- Interactive map of Toronto Muslim Cemetery

Details
- Established: 2012
- Location: 13076 Leslie Street, Richmond Hill, Ontario
- Country: Canada
- Type: Muslim
- Owned by: Toronto Muslim Cemetery Corporation
- Size: 36 acres (15 ha)
- Website: www.torontomuslimcemetery.ca

= Toronto Muslim Cemetery =

Muslim cemetery in Richmond Hill, Ontario

The Toronto Muslim Cemetery is an Muslim cemetery in Richmond Hill, Ontario, Canada. Opened in 2012, the 36 acre cemetery was established to serve Muslims of different denominations in the Greater Toronto Area. It was described at the time of its licensing as the first cemetery in the GTA established to serve both Sunni and Shia Muslims.

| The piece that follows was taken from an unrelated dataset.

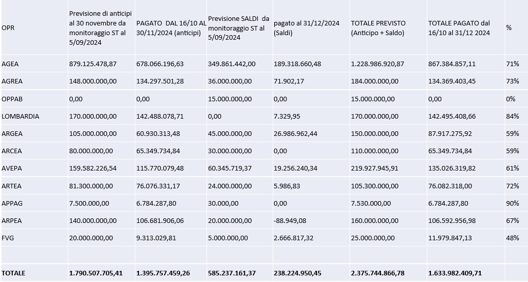 L’organismo pagatore lombardo, al 31 dicembre, aveva erogato l’84% dei contributi di sua competenza (142.495.406,66 euro sui 170.000.000 erogabili al massimo in acconto), staccando Emilia Romagna (73% di contributi erogati), Toscana (72%) e la stessa Agea (71%). Tutte le altre regioni restano più indietro. Meglio della Lombardia ha fatto soltanto l’organismo pagatore della provincia autonoma di Trento, che ha già versato il 90% degli anticipi, ma deve gestire un numero di domande e somme molto inferiori (7,5 milioni di euro).
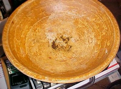 VINTAGE WOODEN ROUND PRIMITIVE BREAD BOWL 15&1/4" ACROSS

The cemetery property, located on Leslie Street north of Stouffville Road, was purchased from Beth Olam Cemetery Corporation for $6.8 million, with an interest-free mortgage provided by the seller. The project was developed jointly by members of the Sunni and Shia Muslim communities, and plans for the 36 acre property called for approximately 40,000 graves. The cemetery received its Ontario cemetery licence in February 2012 and became operational that May. Its official opening ceremony was held on June 24, 2012.

The cemetery was designed in accordance with Islamic funeral practices, with graves oriented toward the qibla, the direction of the Kaaba in Mecca. Unlike Muslim sections within non-denominational cemeteries in the GTA, the property is dedicated to Muslim burials.